Die Geschichtswissenschaft spricht deshalb vom Adelsfeudalismus, einer nicht nur wirtschaftlichen, sondern auch gesellschaftlichen und kulturellen Oberschicht, welche hierarchisch von oben nach unten die gesamte Gesellschaft in Deutschland bis zum Ende des 1. Weltkrieges bestimmt hat.

Im Kampf gegen den Adelsfeudalismus haben liberale bürgerliche Kreise und die Sozialisten als Vertreter der Unterschicht die Demokratie geschaffen. Diese schaffte das "Gottesgnadentum" der Herrscher ebenso ab wie die Vorrechte des Geburtsadels, wollte gesellschaftliche Rechtsgleichheit und wirtschaftliche Chancengleichheit für alle garantieren.
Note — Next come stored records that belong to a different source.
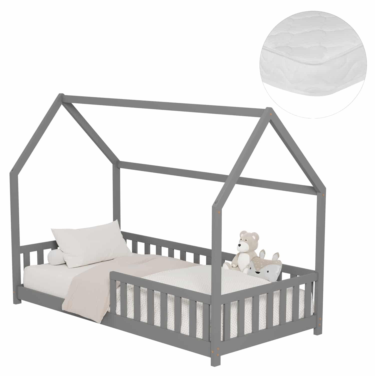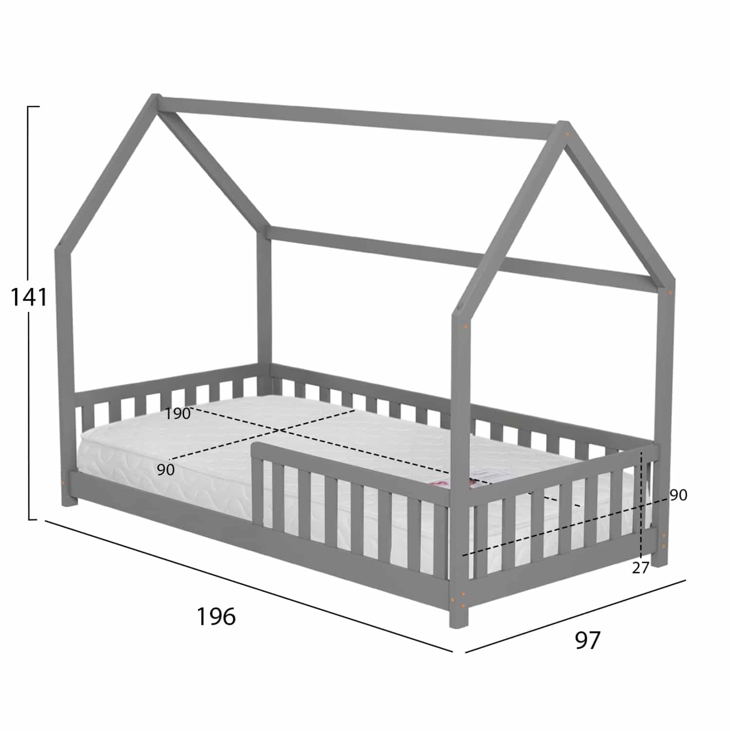 Το παιδικό κρεβάτι PHYLLIS τύπου Montessori σε διάσταση για στρώμα 90×190εκ, είναι κατασκευασμένο από ξύλο πεύκου σε ΓΚΡΙ χρώμα. Όλο το κρεβάτι έχει σχήμα σπιτιού με εξαιρετικά χαμηλά πόδια και περιμετρικά κάγκελα, ενώ το στρώμα τοποθετείται σε τάβλες από κόντρα-πλακέ ξυλεία.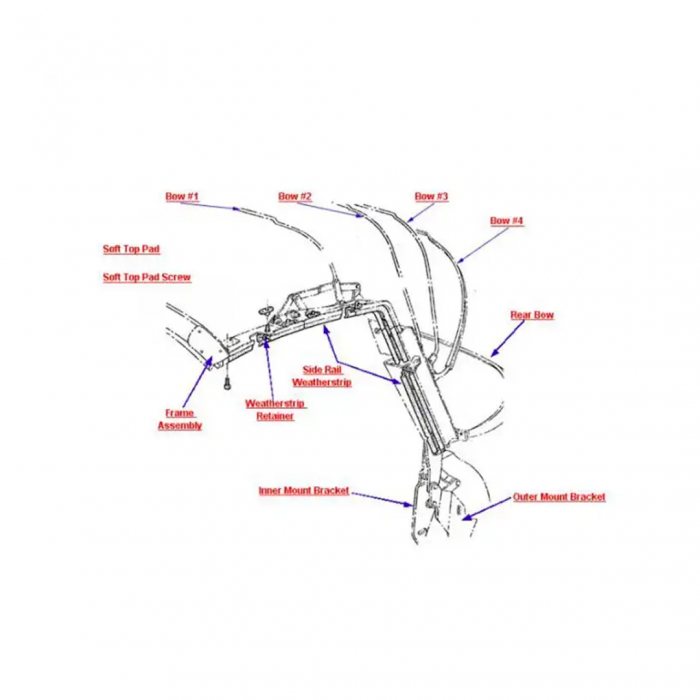 • 3rd Back From Header Bow This Corvette reproduction convertible top bow has been manufactured to original factory specifications using today's modern manufacturing techniques. You will find the fit, finish and function will work superbly for your restoration.
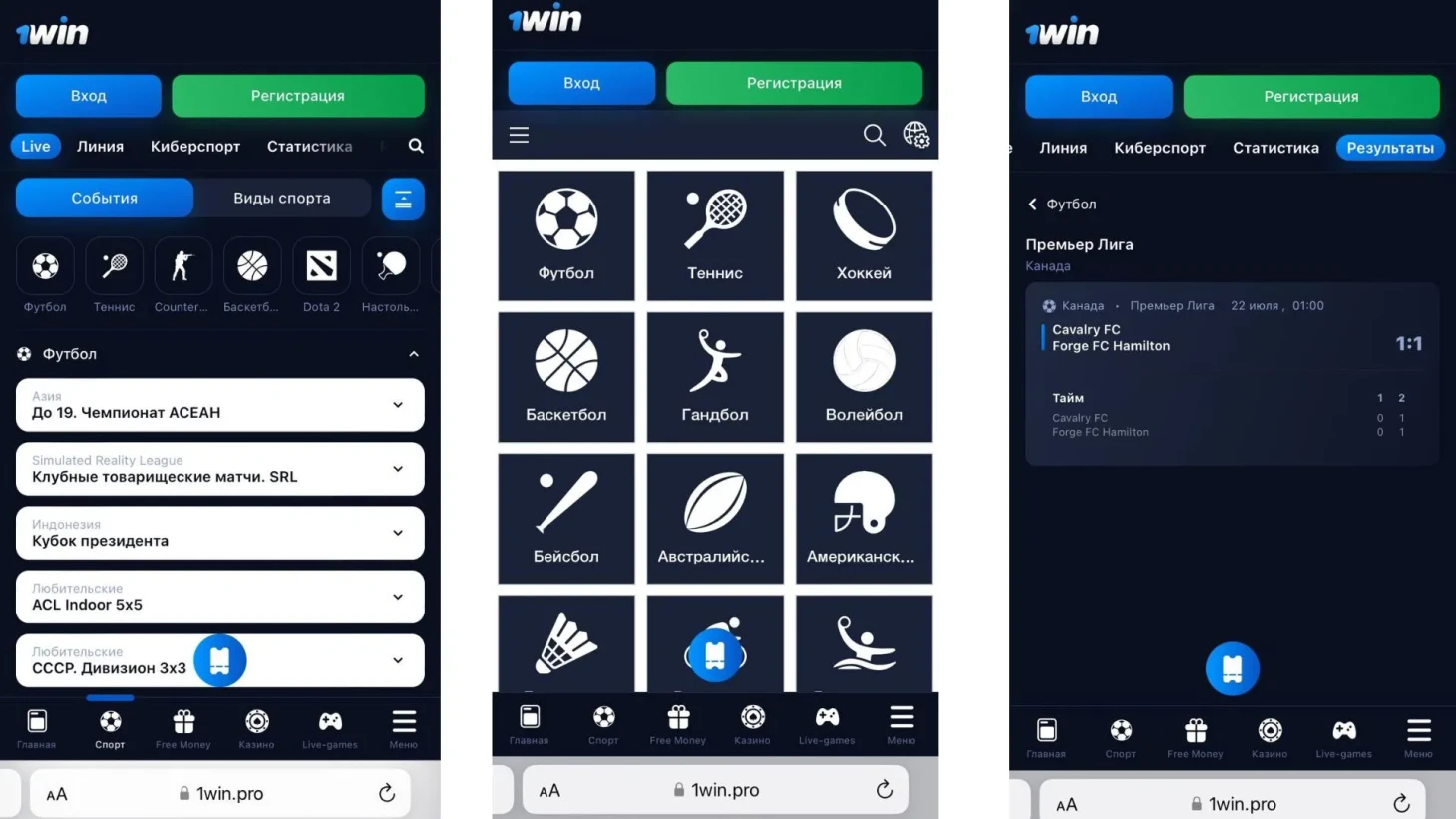 Для пользователей, предпочитающих мобильные устройства, у 1Вин есть мобильная версия и приложения на iOS и Android. Мобильная версия доступна по тому же адресу, что и основной сайт. Навигационное меню со всеми разделами находится справа вверху, а с нижней панели можно перейти к лайв-ставкам, в казино или к Live-games. Также здесь расположен купон ставок.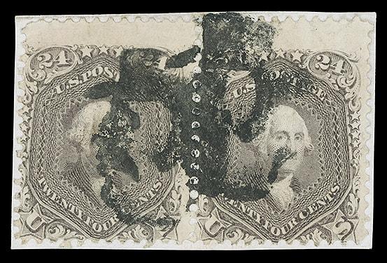 New York City Union Soldier's Head. Two strikes tie 24¢ lilac (78) pair on small piece; right with small perf flaw at top, Very Fine patriotic cancel,ex-Emerson, Erivan. Skinner-Eno No. PH-F 73; Estimate $500 - 750.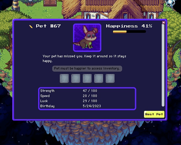Pixels游戏以像素风格为主题,是一款农场模拟游戏。玩家的核心体验在于收集和管理各种资源,包括作物、木材、石头等,这些资源根据稀有度等级进行分类。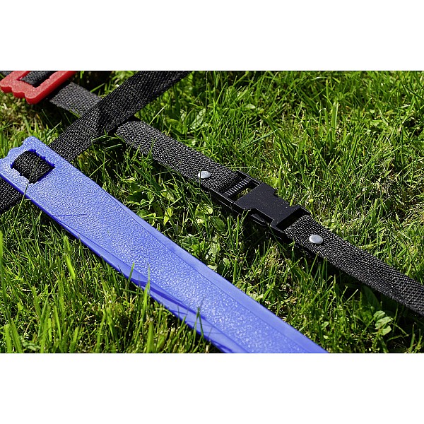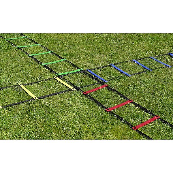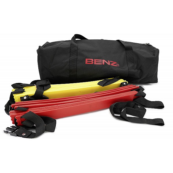 The 4 way coordination ladder is perfect for flexible training, as the structure of the individual rungs can be variably adapted to the respective requirement. With the plug-in buckles attached to the ends of the ladder, the individual ladders can be easily connected. Thus, the most diverse designs can be laid. Can be laid out variably from 4 to 16 meters. The 4 way coordination ladder is supplied with a practical carrying bag.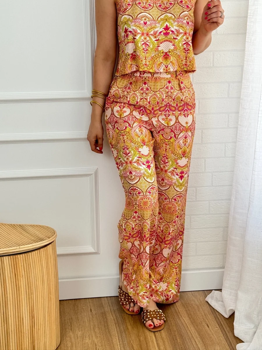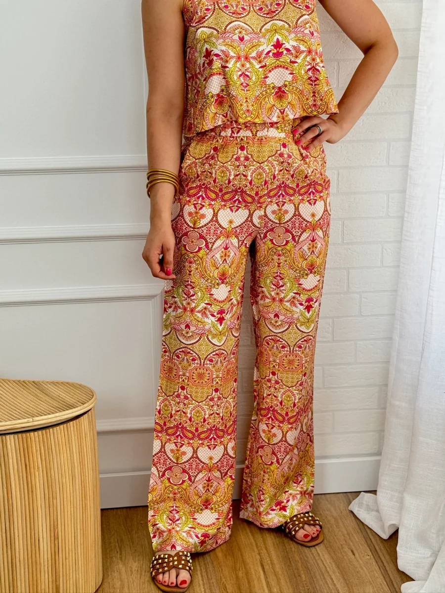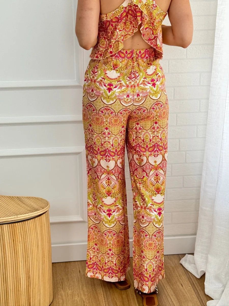 Pantalón de tejido fluido, multicolor ancho, cintura elástica, cierre con botón & cremallera delantera, bolsillos laterales.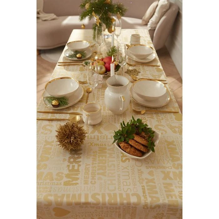 Скатерть ЭтельMerry xmas цв.золотой, 142*220 +/-3 см, 115 ±10 гр,100% 7097316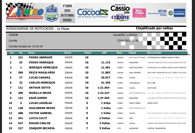 Na categoria Junior, Pedro Andrade #221 de Nova Mutum garantiu o lugar mais alto do pódio. Em segundo Pedro Henrique #33 (Ariquemes) e na terceira posição Werique Henrique #1 de Rolim de Moura.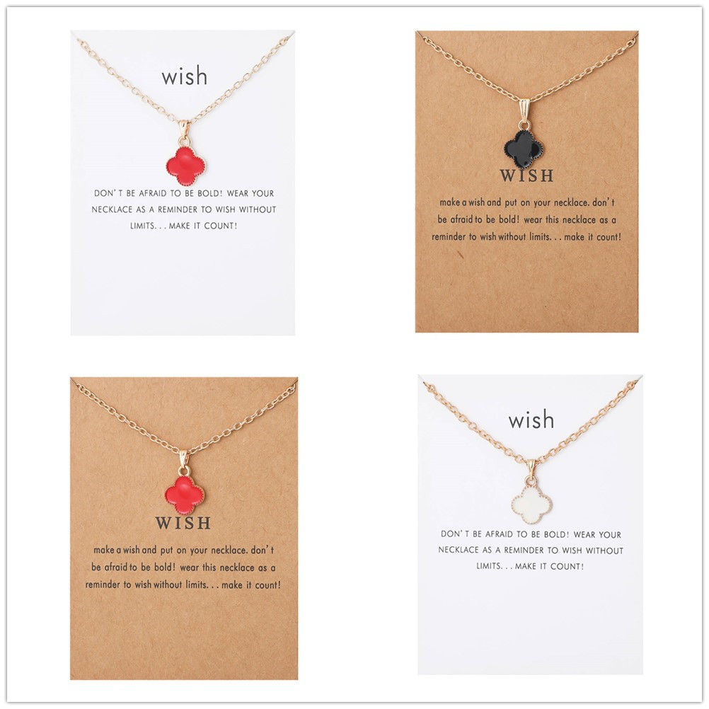 عبر الحدود بطاقة الرغبات قلادة المرأة الخفيفة الفاخرة أربع أوراق البرسيم قلادة النمط الأوروبي والأمريكي سلسلة الترقوة Chocker مجوهرات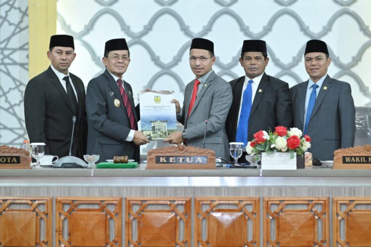 MediaNanggroe.com, Banda Aceh – Dewan Perwakilan Rakyat Kota (DPRK) Banda Aceh menggelar sidang paripurna terkait penyampaian penjelasan dan penyerahan secara resmi RKUA-PPAS APBK Banda Aceh tahun anggaran 2024. Sekaligus penyampaian laporan hasil reses II masa persidangan III tahun 2023 dan penyampaian rencana kerja DPRK Banda Aceh tahun 2024, Senin (14/8/2023).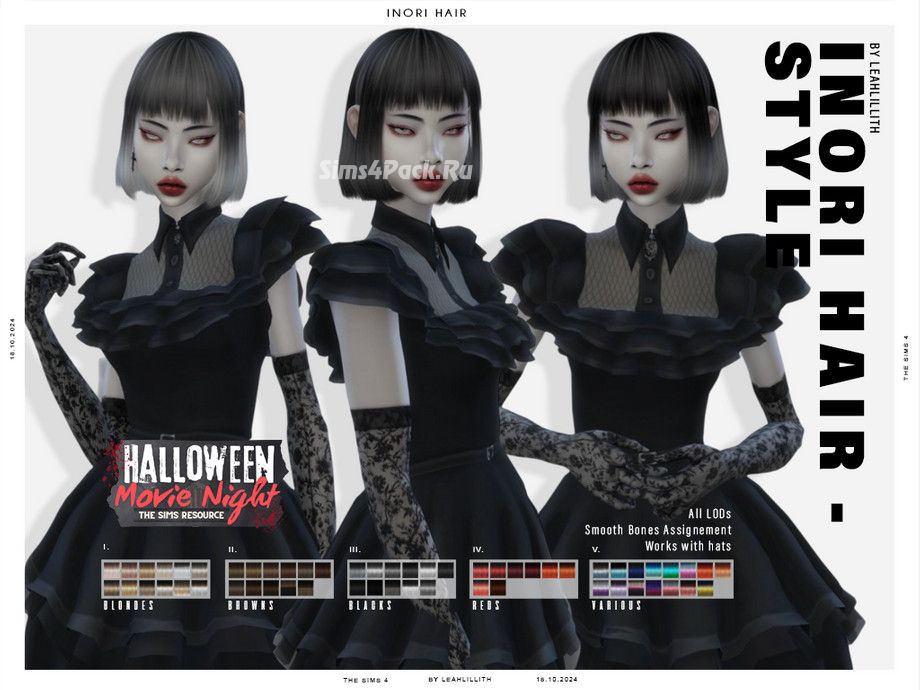 Женская прическа Halloween Movie Night Inori Hairstyle для Симс 4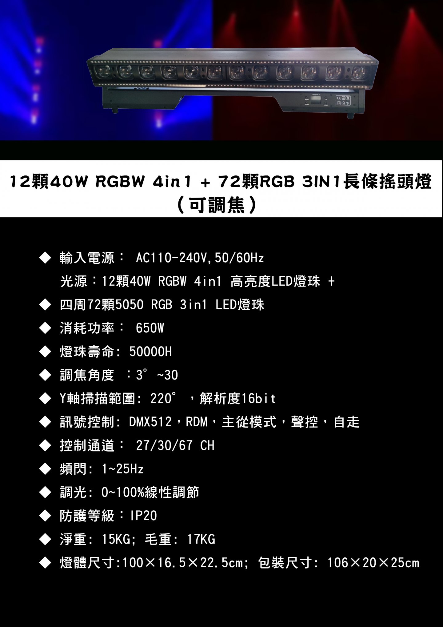 12顆40W RGBW 4in1 + 72顆RGB 3IN1長條搖頭燈(可調焦)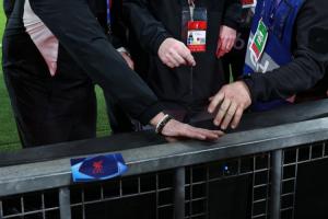 ESPN曬照,之后攝影師和利物浦工作人員對諾阿·朗受傷地點進行檢查。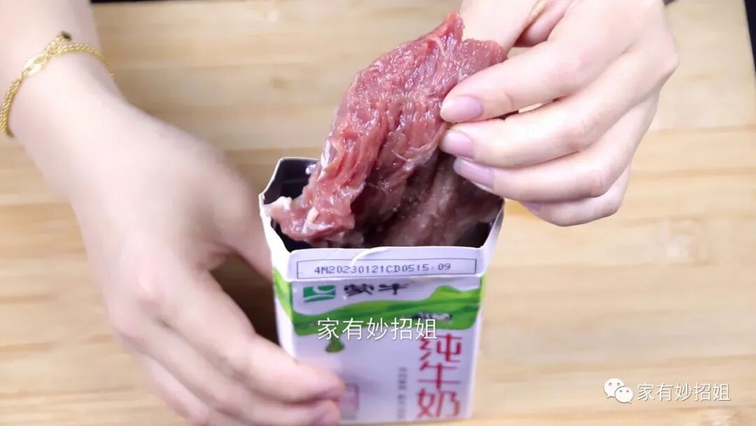 我们把这个纸板清洗干净后,就可以把它直接垫在砧板上。平时如果要处理一些味道比较重的食材,我们就可以直接在展开的牛奶盒上来处理。这样一些腥味、细菌之类的就会残留在牛奶盒上。我们也不用担心会把牛奶盒切破,因为牛奶盒都是比较厚实的,而且牛奶盒内部的铝箔材质也不容易被切破。处理好后,我们直接把这个牛奶盒扔掉,也不会造成浪费。这样就可以很好的避免生冷食物的腥味和细菌留在砧板上,省去了我们清洗菜板的时间。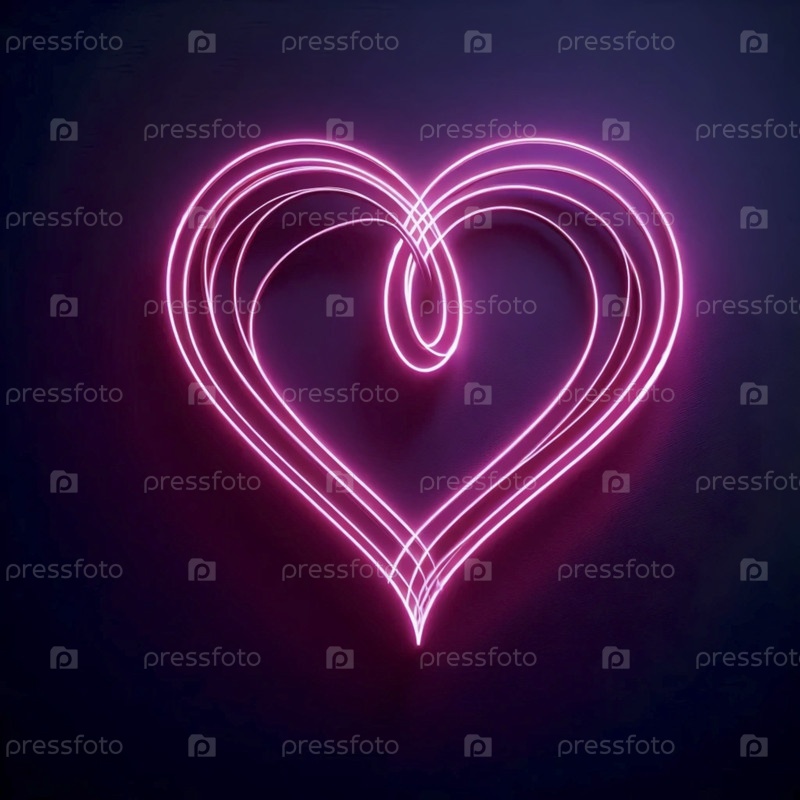 Непрерывно светящееся художественное сердце неоновой линии, Ai generated image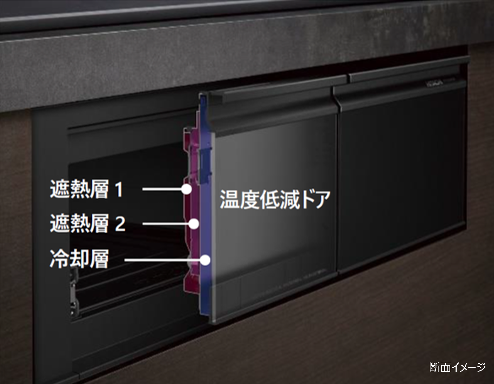 日立IHクッキングヒーターでは、日立独自の放熱技術により、グリル調理時のドア外側の温度上昇を抑える「温度低減ドア」を2019年度製品Mシリーズから採用しています。グリルドアに遮熱層と冷却層を設け、遮熱層でグリル庫内の熱を遮断しながら、冷却層に空気の流れをつくり、自然対流で暖められた空気を排出(放熱)することで、表面の温度上昇を抑制します。この取り組みが評価され、第13回キッズデザイン賞「子どもたちの安全・安心に貢献するデザイン部門」を受賞しました。さらに、2022年度発売のNシリーズより、ドア表面温度の更なる低減をめざし、遮熱層を2層に増やし、冷却層と合わせた3層構造を採用したことにより、第17回キッズデザイン賞「子どもたちの安全・安心に貢献するデザイン部門」を受賞するとともに、「BEYOND COVID-19特別賞」を受賞しました。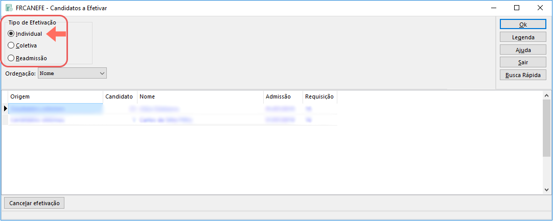 The Candidates to be hired screen will be displayed (FRCANEFE).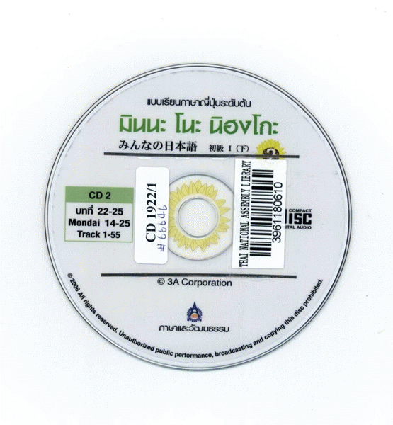 National Assembly Library of Thailand | Audio-Visual Materials collection | CD 1922/1, CD1922/2 (เรียกดูชั้นหนังสือ(เปิดด้านล่าง)) | พร้อมให้บริการ | 3961180610 |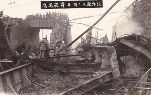 这张照片是1928年皇姑屯事件的爆炸现场,地点是沈阳皇姑屯的三洞桥(京奉铁路与日本控制的南满铁路交汇处),画面中可见炸毁变形的列车残骸、破损的桥梁结构,以及在现场的人员。 1928年,张作霖因抵制日本在东北的侵略性利益要求(如强索铁路权),被日本关东军预谋暗杀:关东军在三洞桥预埋30袋炸药,于6月4日清晨张作霖专列通过时引爆炸药,制造了这场“事故”。 照片中的列车是张作霖的专用“花车”(原是慈禧御用列车),其乘坐的车厢位于列车中部,是爆炸破坏最严重的区域:同行的黑龙江督军吴俊升当场被炸死,张作霖被炸出车厢、咽喉破裂,被奉军救回沈阳帅府后不久去世。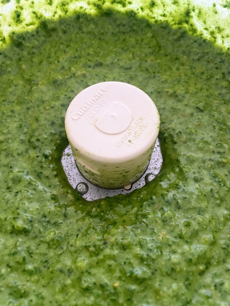 Note: When I am making pesto to freeze, I do not add the cheese or lemon juice. Instead, I add both those things later on to the thawed pesto. So the photos below are pre-cheese, and thus, represent a vegan version that would be delicious on its own, too.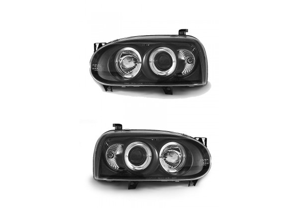 Juego de faros delanteros Vw Golf 3 09 91-08 97 Ojos De Angel Negro Aprobación E-marcado (producto Homologado) Luz De Posicionamiento: Ojos De Angel Luz Baja: H1 Luz Alta: H1 Preparado Para Regulacion Electrica montaje conectar y listo sin modificaciones

Das Dilemma der modernen Demokratien besteht jedoch darin, dass eine direkte Mitbeteiligung der Bürger wie in der Schweiz bei 80 Millionen Bürgern nicht mehr möglich ist, sondern die Demokratie nur indirekt über gewählte Abgeordnete aufgebaut werden konnte. Diese Abgeordneten wurden jedoch immer weniger persönlich gewählt, sondern als Parteivertreter. Die Parteien wurden auch als parlamentarische Institutionen verankert (Art. 21 GG), so dass in allen modernen Staaten aus der direkten Bürgerdemokratie eine indirekte Parteiendemokratie wurde. Dies hat natürlich zu einer Machtverlagerung zugunsten der Parteiführer über die Geführten und somit zu einer Parteienhierarchie geführt.

Die italienischen Soziologen Pareto und Mosca ³ haben in ihrer Theorie vom "Elitenkreislauf" nachgewiesen, dass nicht nur in Diktaturen und Feudalsystemen, sondern auch in Demokratien immer Führungseliten entstehen (ohne moralische Wertung), welche die Macht in der Hand halten und damit praktisch führen. Durch Wahlen kann in Demokratien ein Elitenwechsel friedlich gestaltet werden, in Diktaturen nur durch Revolutionen.